KEY POINTS:
The FA Cup third round: one weekend of optimism and nostalgia in the midst of the long, dark Premiership winter? Not at Arsenal, where Arsene Wenger launched a scathing attack yesterday on the culture of English football that permitted his team to be "punched and kicked" by Sheffield United last week and then branded "babies" for failing to stand up to the onslaught.
Wenger's Arsenal face Liverpool today in the third round's marquee tie and pity poor Steve Bennett, the referee at Anfield this afternoon.
Wenger is currently the subject of an FA charge after confronting Bennett and his assistants at half-time during the match with Portsmouth last month.

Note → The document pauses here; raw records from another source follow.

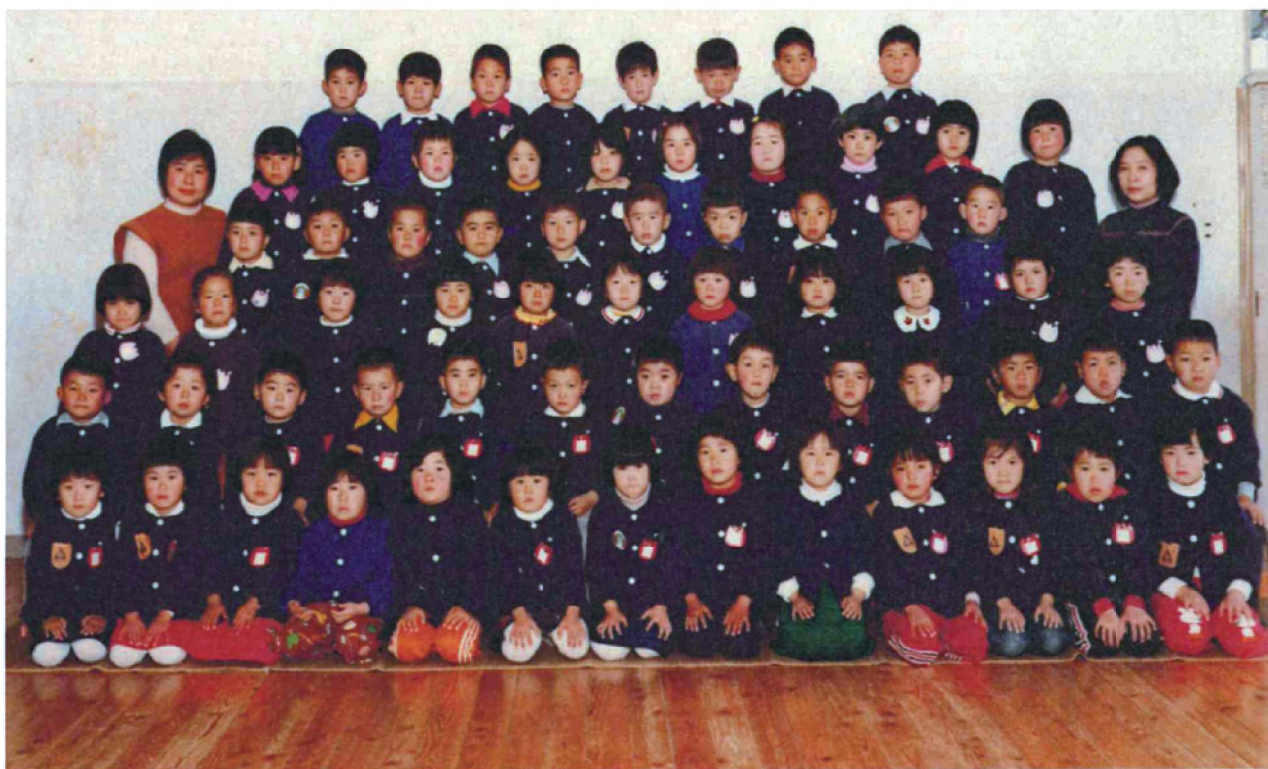
第18回卒園記念 渡良保育所 昭和55年3月
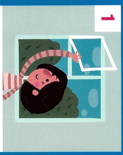
Откроите окна для проветривания помещения
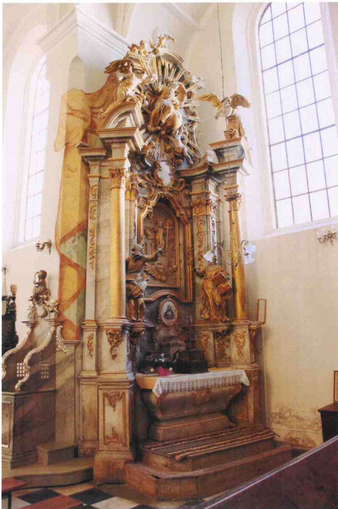
FOT 1. OLTARZ BOCZNY W PD. RAMIENIU TRANSEPTU, PÓŻNOBAROKOWY (ROKOKO) Z LAT 1780-1781 z kościoła poddominikańskiego p.w. NMP i św. Jacka w Klimontowie Widok na ołtarz. Data wykonania fotografii: 04.01.2023
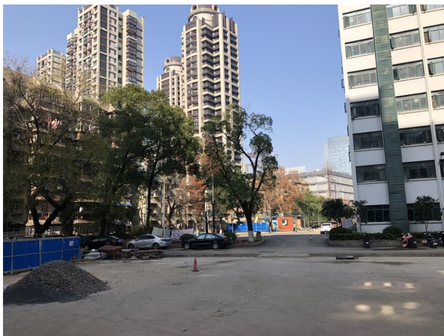
圖六：國交五棟外空地(施工中)

識，留學生還常常會辦生日趴，會一塊到某個同學的房間裡吃飯、聊天、跳舞，還蠻有趣的！國交五棟前面有一塊空地，天氣不冷的時候，晚上會聚集很多人坐在旁邊聊天、打球，有籃球、排球、足球、羽毛球…等，如果晚上想活動一下筋骨可以來這邊碰碰運氣哦！
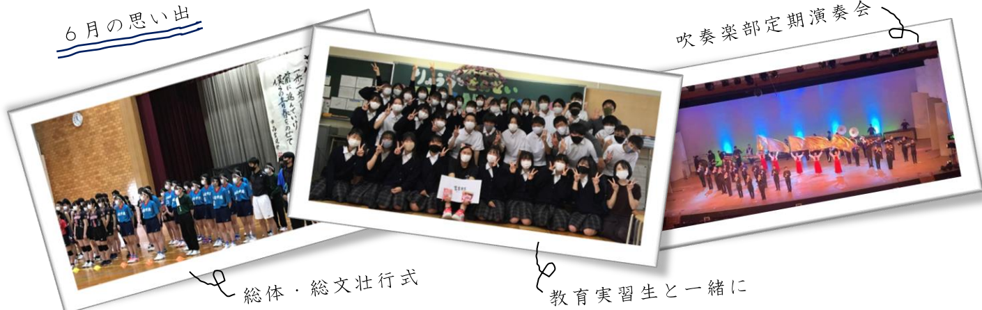
総体・総文壮行式
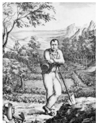
2: Napoleon I. mit Spaten
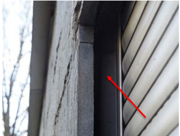
Abbildung 37: Breiter Hohlraum hinter einer Wandverschalung aus Stein in der Lindenpassage
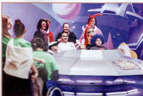
Az MVM Élménynapon a gyermekek igazi űrkalandot élhettek át

Az MVM Csoport idén novemberben százmillió forint támogatást adott át húsz, gyermekeknek segítő civil szervezet képviselőinek az immár 17. alkalommal megrendezett MVM Élménynap - Legszebb napom elnevezésű rendezvényén. Az egész napos eseményen a társaságcsoporthoz az űrtematika jegyében nyújtott feledhetetlen élményt, és szervezett felszabadult, örömteli pillanatokban gazdag programokat mintegy 800 hátrányos helyzetű és beteg gyermek számára.
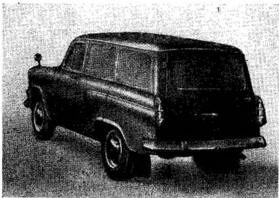
Фиг. 5. Автомобиль «Москвич-432» с кузовом фургон.
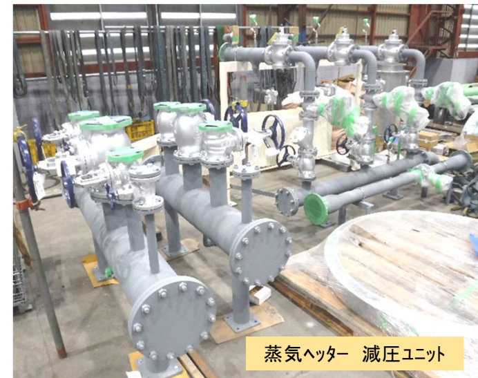
蒸気ヘッター 減圧ユニット
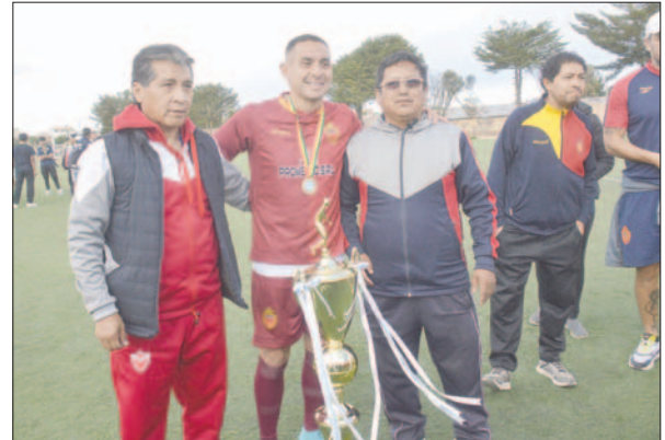
El capitán de CDT Real Oruro (centro) recibió el trofeo de campeón

Wenger objected to continued from a decision shortly before the interval and was sent to the stands by Bennett for his reaction.

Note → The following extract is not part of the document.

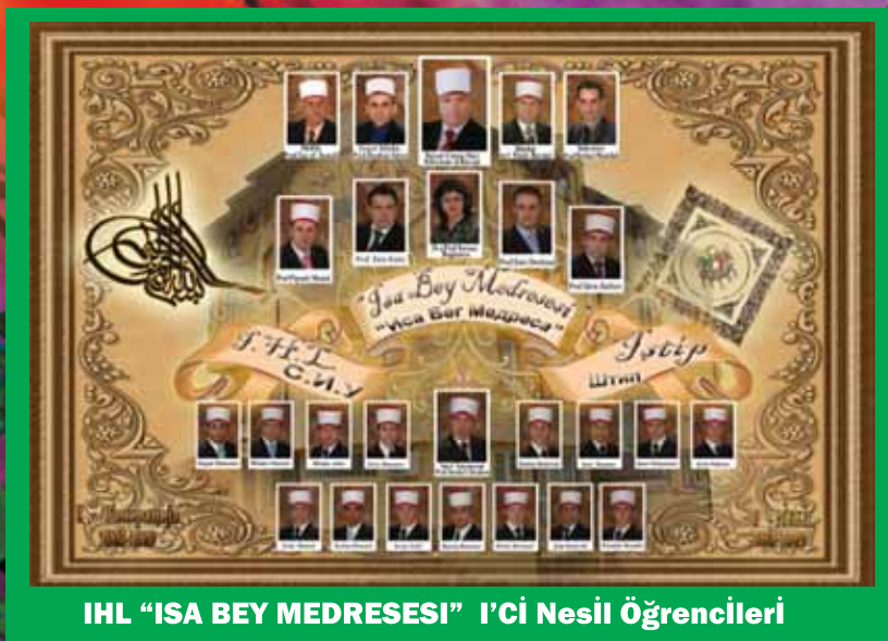
IHL "ISA BEY MEDRESESI" I'Ci Nesil Öğrencileri
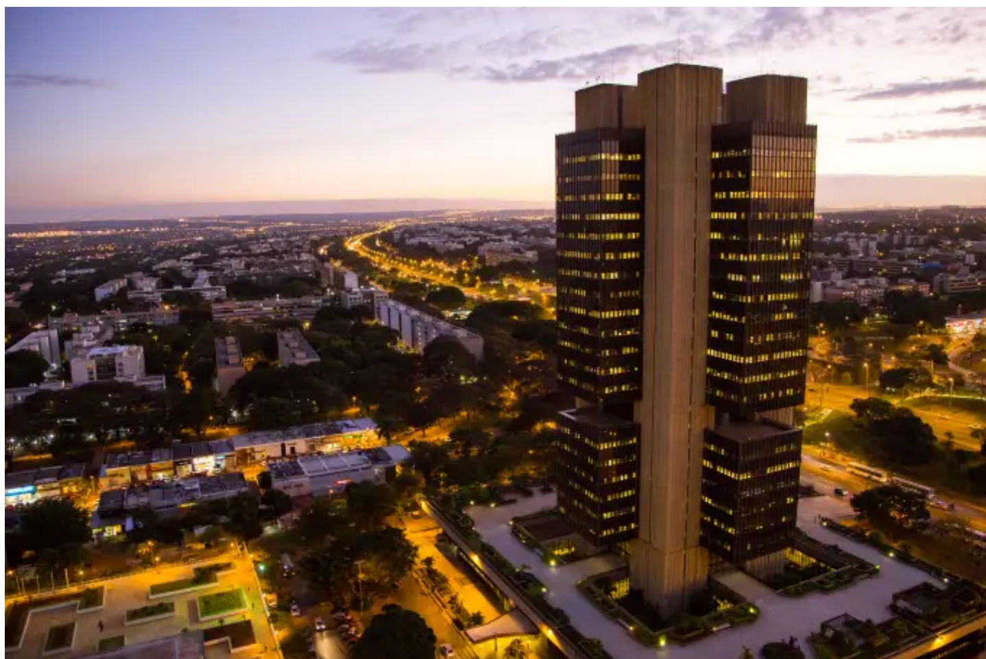
Edifício Sede do Banco Central em Brasília

Nesta semana, o Supremo Tribunal Federal (STF) volta a examinar a questão da autonomia do Banco Central. Trata-se de um debate do século XX no

It is at this time of the year that managers like to take a sentimental draught of "that old cup magic" but a week on from Bramall Lane and Wenger's outlook was bleak, his feelings still raw.
It has not proved any consolation that Chris Morgan, the Sheffield United captain, has since been given a three-match ban for punching Robin van Persie in the stomach during the game, an incident missed by the referee Lee Mason at the time.
Surprisingly Wenger said he had no quarrel with Neil Warnock, just disgust at the values that allowed his team to be unfairly "destroyed" by the opposition.
"I accept we have to be kicked because we have a young team," he said.
"But to get out there and be kicked and punched and then, in the end, you are still expected to say, 'Sorry we were not strong enough' - that's difficult to take. I don't feel it is right to punch people in the stomach and say afterwards, 'They are cry-babies.' Because that it is not the way I see the game. And I feel if that is the way we go, that does not benefit English football.
"If you go to the World Cup you cannot say you will behave like that because it gets you nowhere. I have to take it and shut up because we lost the game and I am [perceived] as a bad loser. But never when we win 5-0, when we lose 5-0, would you get me to say it [physical intimidation] is right.
"You cannot say on one hand you want a player to give you pleasure with good football, and then on the other accept he is destroyed and say 'well done' to the opponent. That cannot work."
Wenger's passionate defence of the spirit of the game might not sit easy with those who witnessed Martin Keown's assault on Ruud van Nistelrooy at full-time at Old Trafford in September 2003 - another Steve Bennett game.
But Wenger has certainly succeeded in increasing the pressure on the referee to protect his players today.
The Arsenal manager claimed yesterday that he never swore at Bennett as he left the field at the Emirates Stadium and claimed that he has been singled out.
"I have been here for 10 years and I spoke to the referee one time and got sent off," he said.
He plans to appeal the decision and had put together footage of players and managers swearing at referees - without punishment - to aid his defence.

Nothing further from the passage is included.